____ Source records
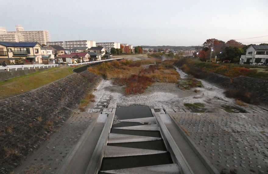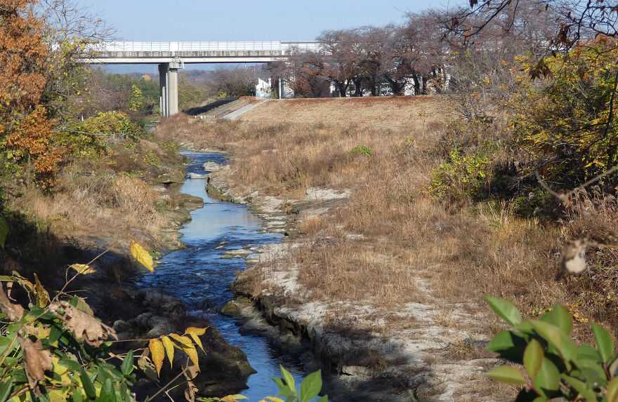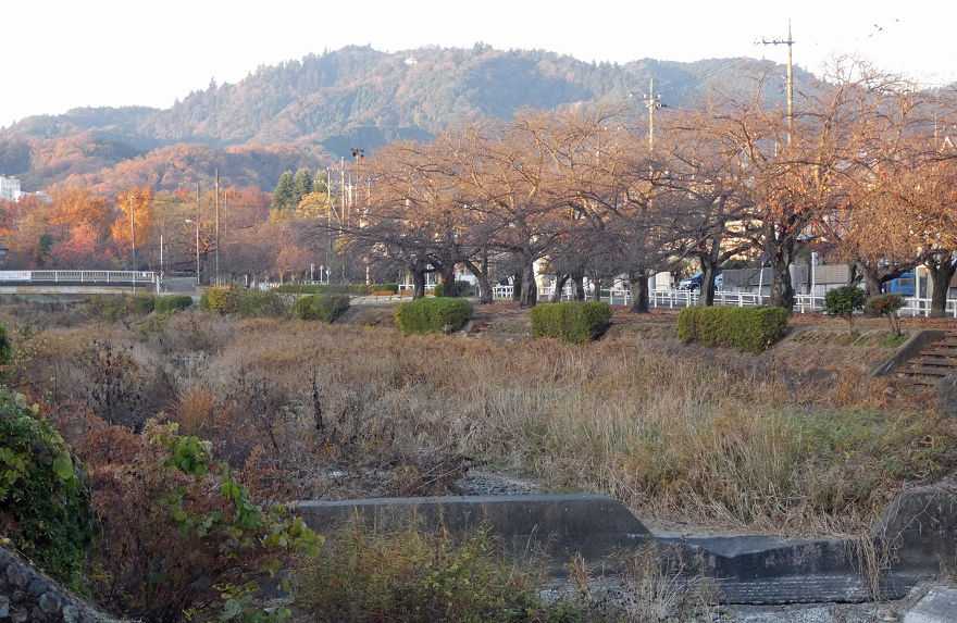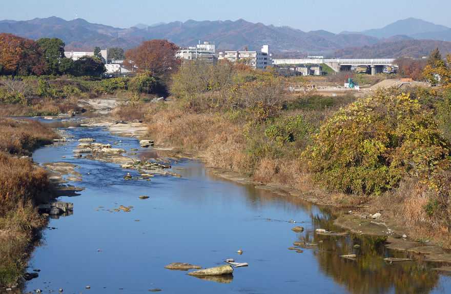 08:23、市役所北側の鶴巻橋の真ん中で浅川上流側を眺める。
________
____ Source records
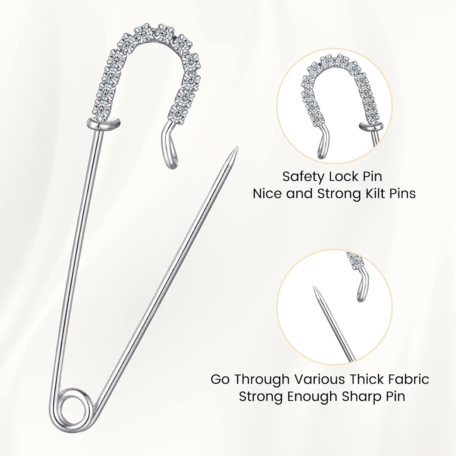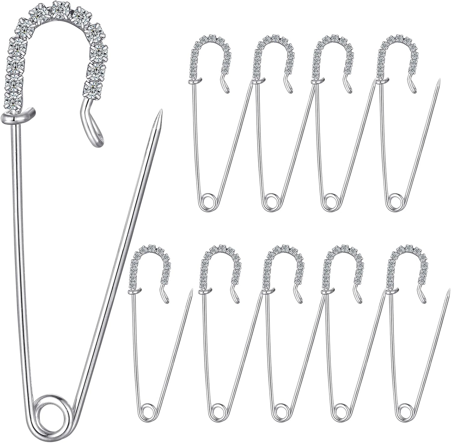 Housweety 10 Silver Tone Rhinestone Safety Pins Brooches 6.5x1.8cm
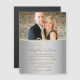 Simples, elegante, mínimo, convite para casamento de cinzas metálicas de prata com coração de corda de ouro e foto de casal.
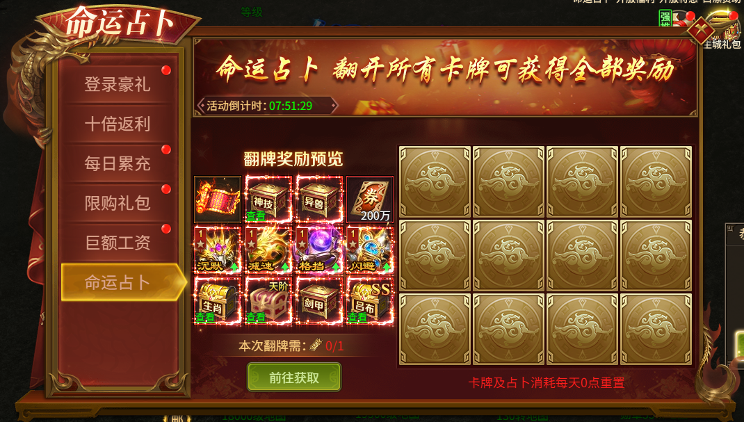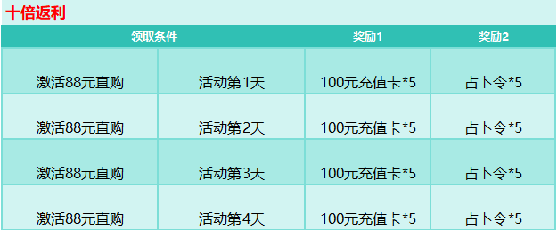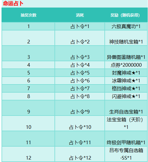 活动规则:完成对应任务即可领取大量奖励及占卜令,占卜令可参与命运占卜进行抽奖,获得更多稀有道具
________
Task description: The material above holds pictures; leave them out. Repeat exactly the lines from the one containing "Housweety 10 Silver" through the one containing "活动规则:完成对应任务即可领", and nothing else.

Task response:
 Housweety 10 Silver Tone Rhinestone Safety Pins Brooches 6.5x1.8cm
 Simples, elegante, mínimo, convite para casamento de cinzas metálicas de prata com coração de corda de ouro e foto de casal.
 活动规则:完成对应任务即可领取大量奖励及占卜令,占卜令可参与命运占卜进行抽奖,获得更多稀有道具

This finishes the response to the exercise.